Now when we come to a constraint like "X and Y are next to each other", that means that they differ by 1: $|X-Y|\leq 1$. This absolute-value inequality results in two simultaneous inequalities: $X-Y \leq 1$ and $Y-X\leq 1$. These two inequalities can be easily represented as constraint rows in R as we have seen. The catch is that $-1\leq X-Y \leq 1$ does not exclude the possibility that $X-Y=0$, that is, that X and Y be equal. However if "X and Y are next to each other, they cannot occupy the same house, so to the $|X-Y|\leq 1$ constraint we need to add $X-Y\neq 0$. The problem is, how do we add a strict inequality constraint to a linear program when our only "direction" operators are "<=", "=" and ">="?

We want X and Y to be different (not equal), and since X and Y are limited to integer values, this is equivalent to stating that $|X-Y|\geq 1$, which in turn means that either $X-Y\geq 1$ or $Y-X\leq -1$. However, we cannot have an "either/or" disjunction condition in a linear program, since all the conditions must be met simultaneously (through the "and" conjunction). We could use de Morgan's laws and state that transform these statements as I show below, , but we would just be going around in circles.

\[\begin{align*} X-Y\geq 1\;&\vee\;X-Y\leq -1 \equiv\\ \neg (X-Y\lt 1\;&\wedge\;X-Y\gt -1) \equiv\\ X-Y&\neq 0 \end{align*}\]

Fortunately, there's a "trick" that I discovered on the lp_solve reference guide web-page³ that one can use to incorporate constraints like $|X-Y|\geq 1$ into a linear program. To generalize as much as possible in what follows, we will assume that $X=a_1X_1 + \ldots + a_mX_m$ is a linear expression on the decision variables. We want to be able to express $|X|\geq min$ as a valid linear programming constraint. The trick is to introduce an additional binary decision variable $B$ that can only assume two values: 0 or 1.
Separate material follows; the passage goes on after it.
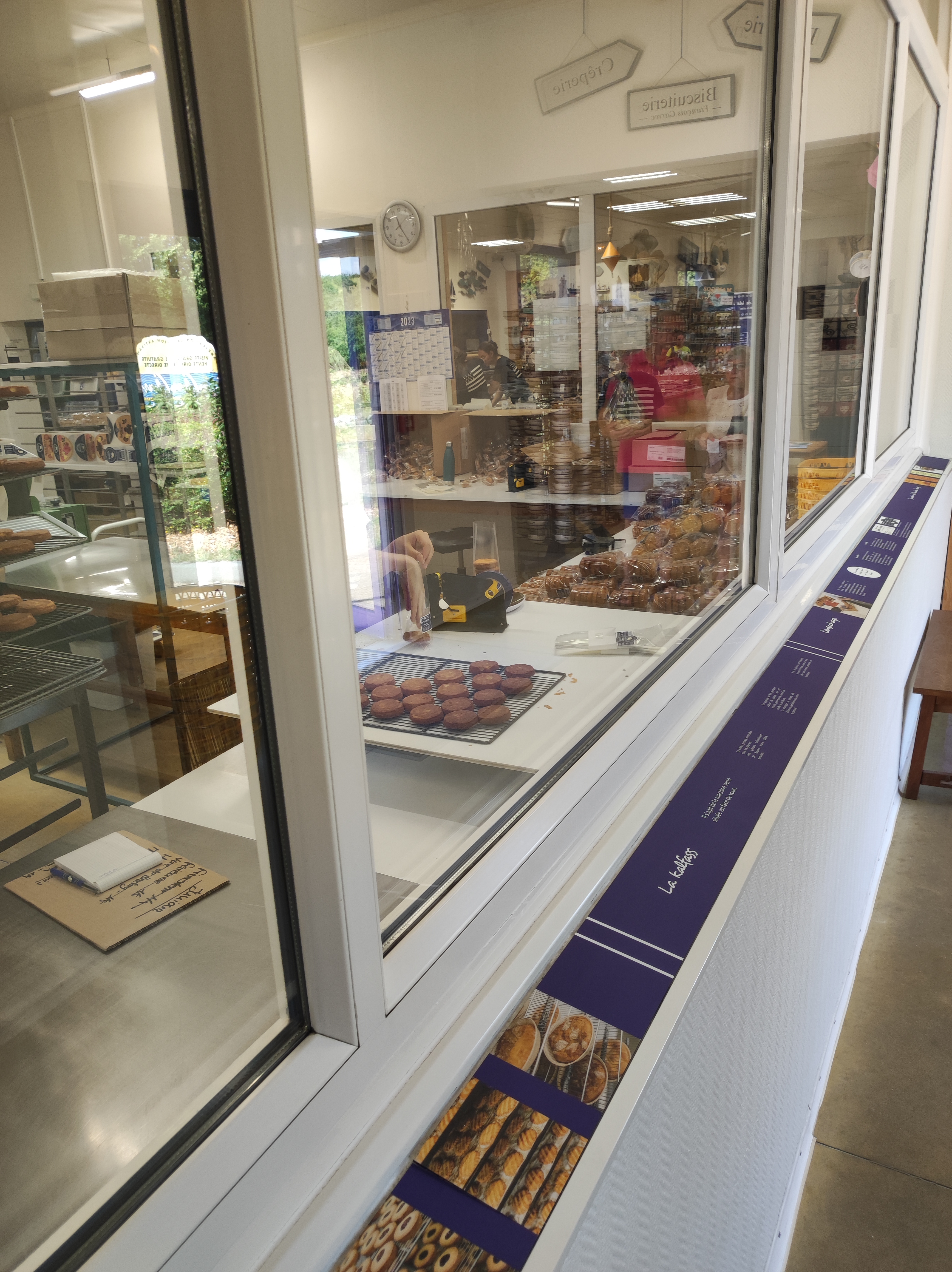 Cette biscuiterie est aménagé afin que l'on puisse voir les différentes étapes de fabrication des produits à travers des vitres, en bout de circuit, se trouve le magasin ou l'on peut acheter les gâteaux et crêpes sur toutes les formes, je vous conseille cette biscuiterie de taille artisanal, en plus les produits sont délicieux.

\[\begin{align*} X+M\cdot B &\geq min\qquad (1) \\ -X+M(1-B) &\geq min \end{align*}\]

In the above, $M$ is simply a big, positive constant. How big does it have to be is something we will discover shortly. For now, bear with me and let's see what happens if $B=0$. In that case, the inequalities in (1) become:

\[\begin{align*} X&\geq min \qquad (1a)\\ -X+M &\geq min \end{align*}\]

In this case ($B=0$), $X\geq min$ and since we are assuming that M is a large enough constant, the second condition will always be fulfilled. If $B=1$, then (1) is changed to the following:

\[\begin{align*} X+M&\geq min \qquad (1b)\\ -X&\geq min \end{align*}\]

In that case ($B=1$), the condition $-X \geq min$ must hold, which can only mean that $-X$ is positive (X was negative). The first condition in (1b) automatically holds because we have been assuming that M is large enough anyways. So how large is "large enough"? Well, from either (1a) or (1b), we can see that $M\geq min+|X|$. While we could in theory use a really large value for M like $1\cdot 10^{20}$, it is not advisable to do so because that would create numerical instabilities with our linear program solver.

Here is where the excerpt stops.